The whole listing below should be printed again exactly, with no images.

=== Data extract ===
···
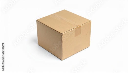 Clean Isometric View of a Sealed Brown Cardboard Shipping Box on White.
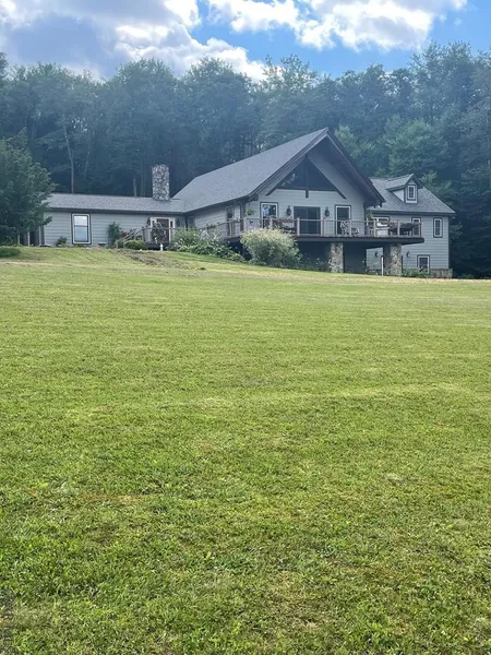 Picture perfect country paradise can be found from the front deck of this sprawling A-frame with a large addition. This 25 acre property has a large stocked pond, plenty of trees and foliage and boarders state game lands! The addition of a 1,400 square foot newly built pole barn is the perfect place to utilize however you want . Inside features an open concept living area with beamed ceilings, a fireplace, large center island and cherry cabinets. sliding doors to the large front deck overlooking the pond. Two master suites with updated bathrooms, two additional bedrooms with a jack and jill bath. Lower level has a family room with fireplace, bar area and a large office space. Truly a one of a kind property .
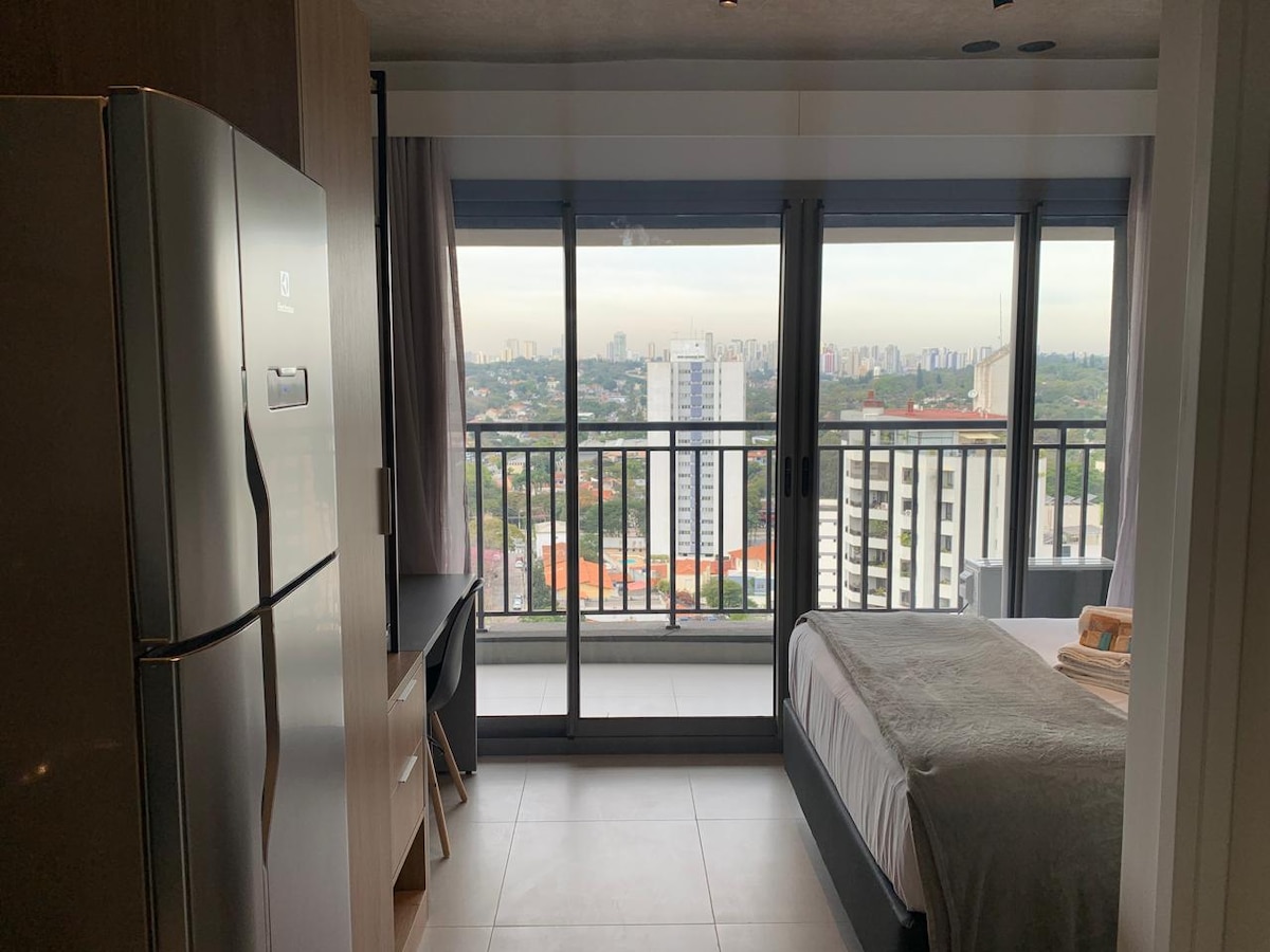Studio equipado com vista (18º andar). Apto está ao lado da estação Brooklin do metrô, e 12 minutos de carro até o Aeroporto de Congonhas. . >> Locais próximos: . Hípica Paulista . Clínica Einstein . Consulado Americano >> Shopping centers próximos: . Shopping Morumbi . Shopping D&D . Shopping Ibirapuera . Shopping JK Iguatemi >> Você terá no condomínio: . Portaria 24h; . Academia; . Lavanderia OMO; . Coworking
···
=== Response box ===
 Clean Isometric View of a Sealed Brown Cardboard Shipping Box on White.
 Picture perfect country paradise can be found from the front deck of this sprawling A-frame with a large addition. This 25 acre property has a large stocked pond, plenty of trees and foliage and boarders state game lands! The addition of a 1,400 square foot newly built pole barn is the perfect place to utilize however you want . Inside features an open concept living area with beamed ceilings, a fireplace, large center island and cherry cabinets. sliding doors to the large front deck overlooking the pond. Two master suites with updated bathrooms, two additional bedrooms with a jack and jill bath. Lower level has a family room with fireplace, bar area and a large office space. Truly a one of a kind property .
Studio equipado com vista (18º andar). Apto está ao lado da estação Brooklin do metrô, e 12 minutos de carro até o Aeroporto de Congonhas. . >> Locais próximos: . Hípica Paulista . Clínica Einstein . Consulado Americano >> Shopping centers próximos: . Shopping Morumbi . Shopping D&D . Shopping Ibirapuera . Shopping JK Iguatemi >> Você terá no condomínio: . Portaria 24h; . Academia; . Lavanderia OMO; . Coworking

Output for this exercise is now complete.